__SUPPLIED DATA__
┄┄┄┄┄┄┄┄┄┄

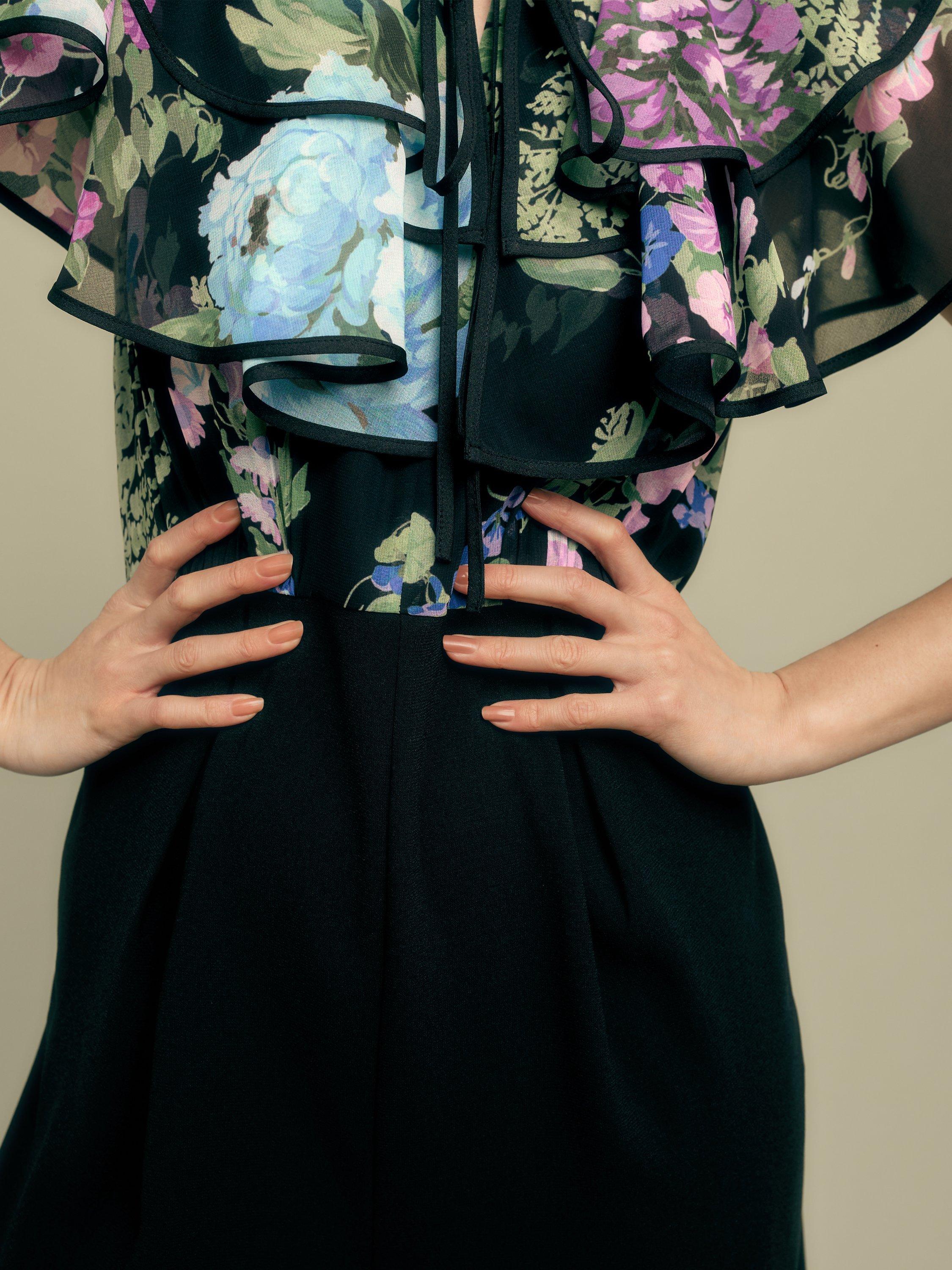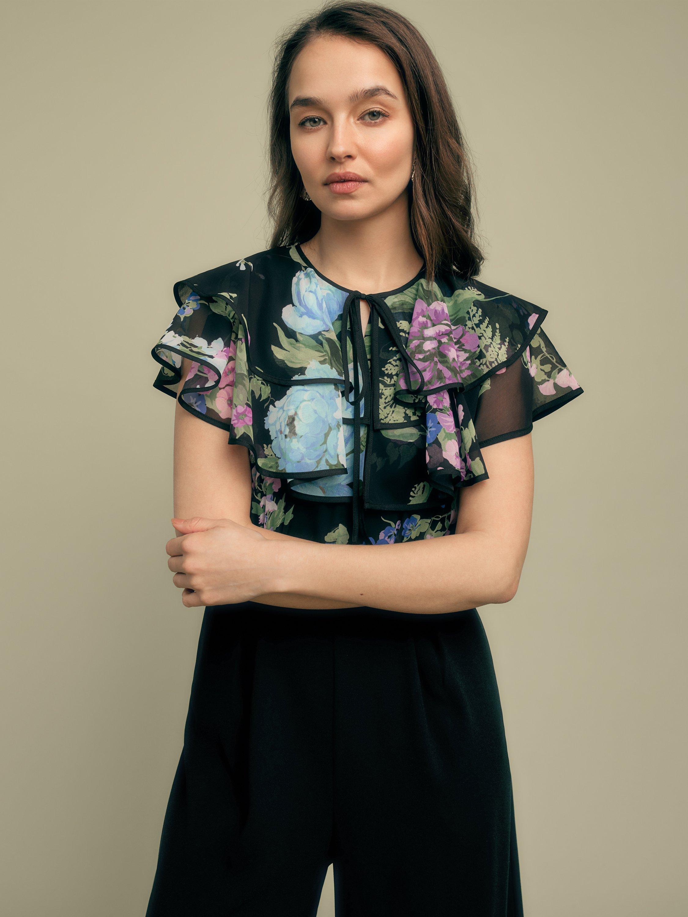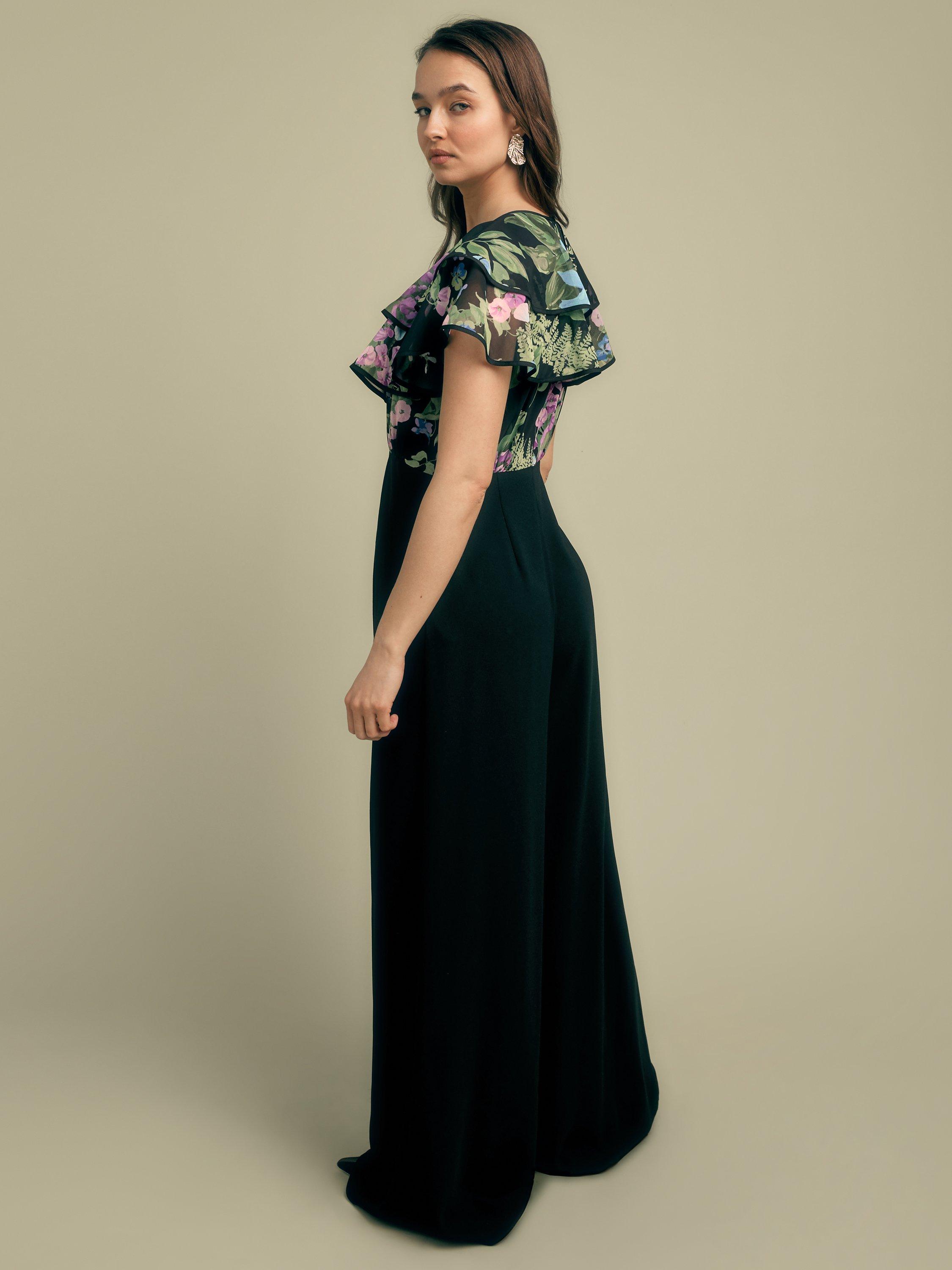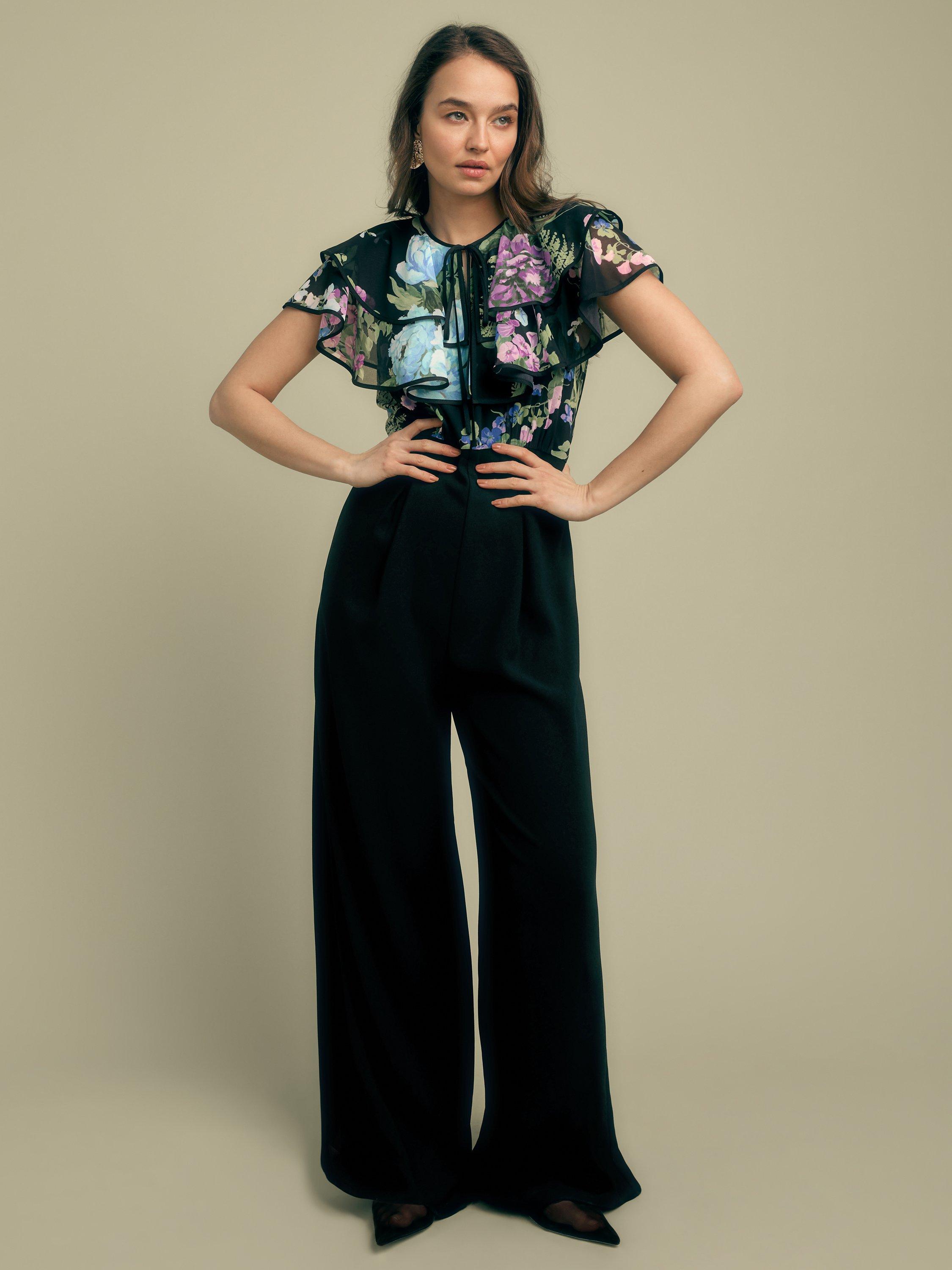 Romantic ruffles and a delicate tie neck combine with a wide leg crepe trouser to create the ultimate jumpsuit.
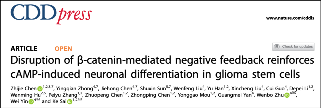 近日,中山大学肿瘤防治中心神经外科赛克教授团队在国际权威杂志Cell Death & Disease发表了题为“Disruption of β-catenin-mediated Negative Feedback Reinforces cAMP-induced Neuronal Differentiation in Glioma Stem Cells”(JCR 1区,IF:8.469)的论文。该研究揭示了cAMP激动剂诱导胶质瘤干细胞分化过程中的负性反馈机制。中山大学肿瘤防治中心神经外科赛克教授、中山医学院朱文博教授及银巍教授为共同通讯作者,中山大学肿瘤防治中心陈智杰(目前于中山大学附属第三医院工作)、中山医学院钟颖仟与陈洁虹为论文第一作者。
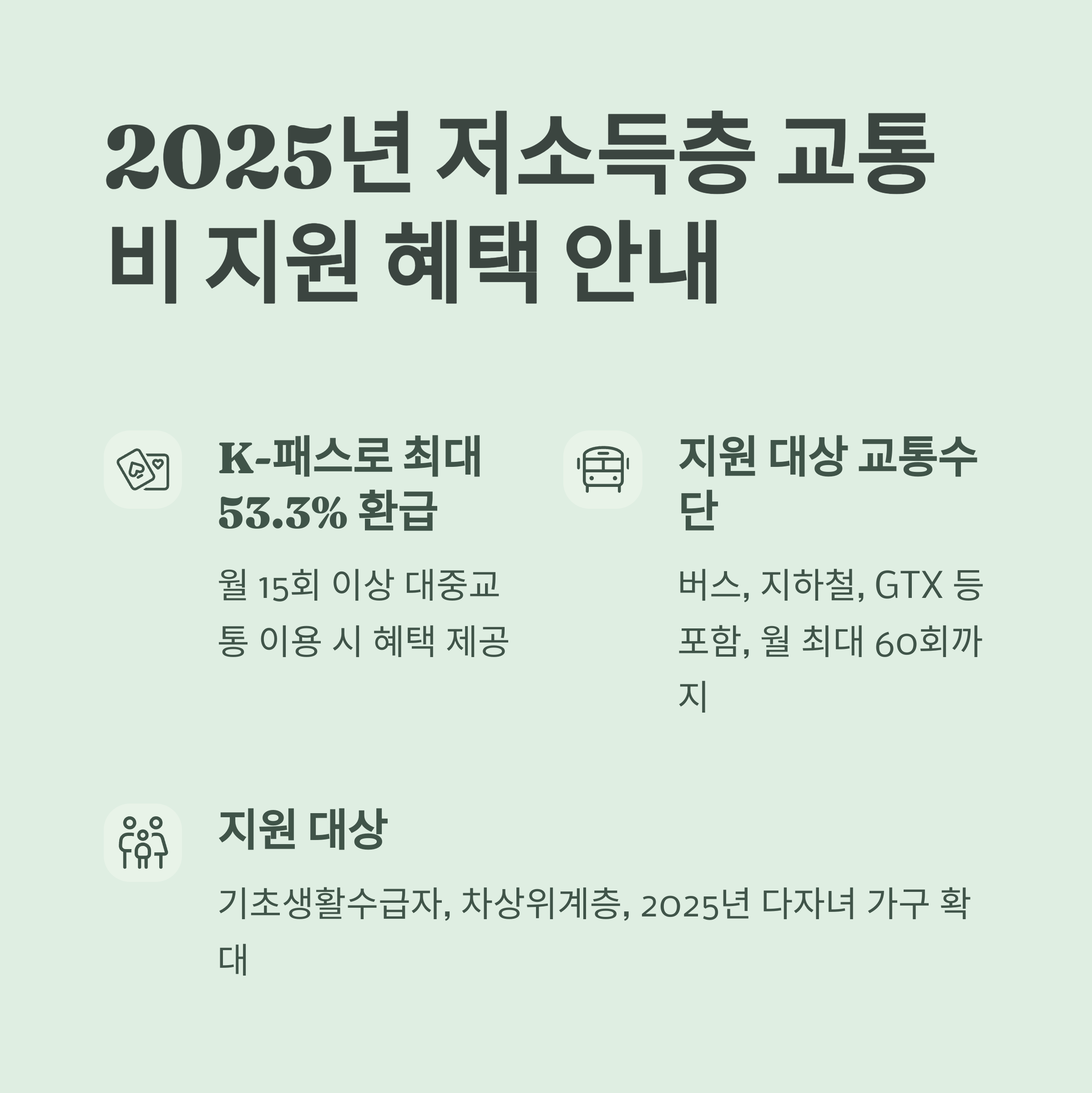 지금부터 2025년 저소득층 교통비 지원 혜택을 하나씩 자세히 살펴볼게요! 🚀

┄┄┄┄┄┄┄┄┄┄

__EXERCISE__
Retype the data above as given, letting no picture into the copy.

__TASK RESULT__
 Romantic ruffles and a delicate tie neck combine with a wide leg crepe trouser to create the ultimate jumpsuit.
 近日,中山大学肿瘤防治中心神经外科赛克教授团队在国际权威杂志Cell Death & Disease发表了题为“Disruption of β-catenin-mediated Negative Feedback Reinforces cAMP-induced Neuronal Differentiation in Glioma Stem Cells”(JCR 1区,IF:8.469)的论文。该研究揭示了cAMP激动剂诱导胶质瘤干细胞分化过程中的负性反馈机制。中山大学肿瘤防治中心神经外科赛克教授、中山医学院朱文博教授及银巍教授为共同通讯作者,中山大学肿瘤防治中心陈智杰(目前于中山大学附属第三医院工作)、中山医学院钟颖仟与陈洁虹为论文第一作者。
 지금부터 2025년 저소득층 교통비 지원 혜택을 하나씩 자세히 살펴볼게요! 🚀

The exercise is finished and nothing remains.